*WHAT YOU SHOULD DO:*
Output the data below exactly, without images.

[Records contained in a dataset]
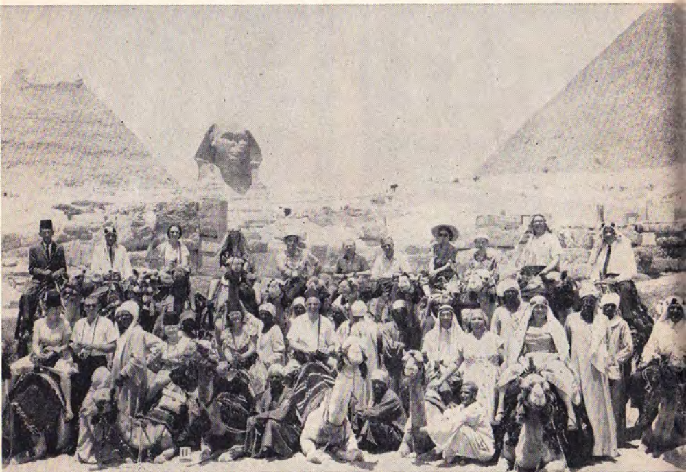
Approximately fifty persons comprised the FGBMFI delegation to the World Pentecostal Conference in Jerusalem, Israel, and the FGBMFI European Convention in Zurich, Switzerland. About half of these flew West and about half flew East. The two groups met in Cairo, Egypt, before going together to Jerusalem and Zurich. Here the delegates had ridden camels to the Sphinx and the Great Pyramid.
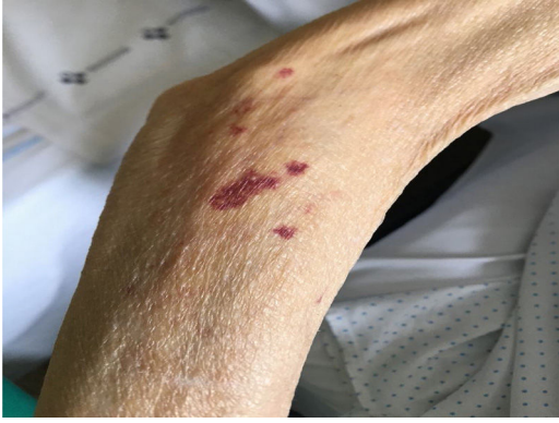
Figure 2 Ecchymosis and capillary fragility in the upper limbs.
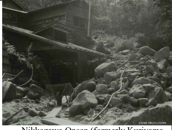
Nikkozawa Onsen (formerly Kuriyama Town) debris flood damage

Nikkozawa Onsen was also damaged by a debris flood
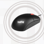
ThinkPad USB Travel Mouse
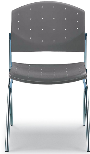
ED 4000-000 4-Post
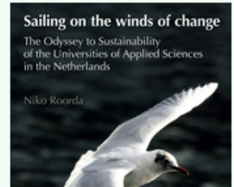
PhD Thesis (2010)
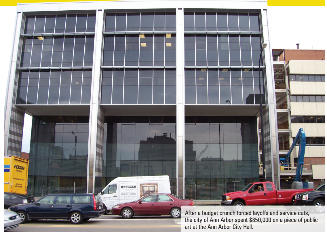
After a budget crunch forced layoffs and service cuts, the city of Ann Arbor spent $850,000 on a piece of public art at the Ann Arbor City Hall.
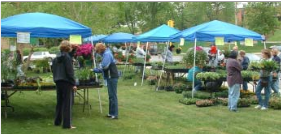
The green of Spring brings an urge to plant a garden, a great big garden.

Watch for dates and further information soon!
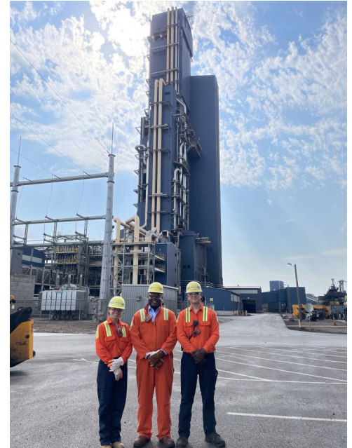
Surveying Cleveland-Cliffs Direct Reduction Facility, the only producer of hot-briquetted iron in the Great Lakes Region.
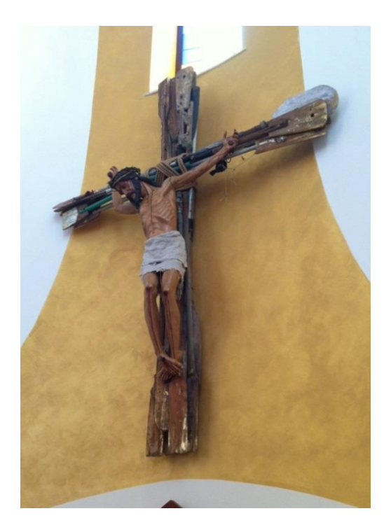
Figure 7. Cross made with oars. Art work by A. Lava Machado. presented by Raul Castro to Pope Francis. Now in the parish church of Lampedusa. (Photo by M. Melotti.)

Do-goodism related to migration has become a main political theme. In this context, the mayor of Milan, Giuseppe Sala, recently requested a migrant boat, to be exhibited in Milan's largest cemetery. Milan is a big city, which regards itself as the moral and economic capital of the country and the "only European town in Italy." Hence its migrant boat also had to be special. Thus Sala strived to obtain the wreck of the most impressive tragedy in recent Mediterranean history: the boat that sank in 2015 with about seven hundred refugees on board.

*SOLUTION FOR THIS PROBLEM:*
Approximately fifty persons comprised the FGBMFI delegation to the World Pentecostal Conference in Jerusalem, Israel, and the FGBMFI European Convention in Zurich, Switzerland. About half of these flew West and about half flew East. The two groups met in Cairo, Egypt, before going together to Jerusalem and Zurich. Here the delegates had ridden camels to the Sphinx and the Great Pyramid.
Figure 2 Ecchymosis and capillary fragility in the upper limbs.
Nikkozawa Onsen (formerly Kuriyama Town) debris flood damage

Nikkozawa Onsen was also damaged by a debris flood
ThinkPad USB Travel Mouse
ED 4000-000 4-Post
PhD Thesis (2010)
After a budget crunch forced layoffs and service cuts, the city of Ann Arbor spent $850,000 on a piece of public art at the Ann Arbor City Hall.
The green of Spring brings an urge to plant a garden, a great big garden.

Watch for dates and further information soon!
Surveying Cleveland-Cliffs Direct Reduction Facility, the only producer of hot-briquetted iron in the Great Lakes Region.
Figure 7. Cross made with oars. Art work by A. Lava Machado. presented by Raul Castro to Pope Francis. Now in the parish church of Lampedusa. (Photo by M. Melotti.)

Do-goodism related to migration has become a main political theme. In this context, the mayor of Milan, Giuseppe Sala, recently requested a migrant boat, to be exhibited in Milan's largest cemetery. Milan is a big city, which regards itself as the moral and economic capital of the country and the "only European town in Italy." Hence its migrant boat also had to be special. Thus Sala strived to obtain the wreck of the most impressive tragedy in recent Mediterranean history: the boat that sank in 2015 with about seven hundred refugees on board.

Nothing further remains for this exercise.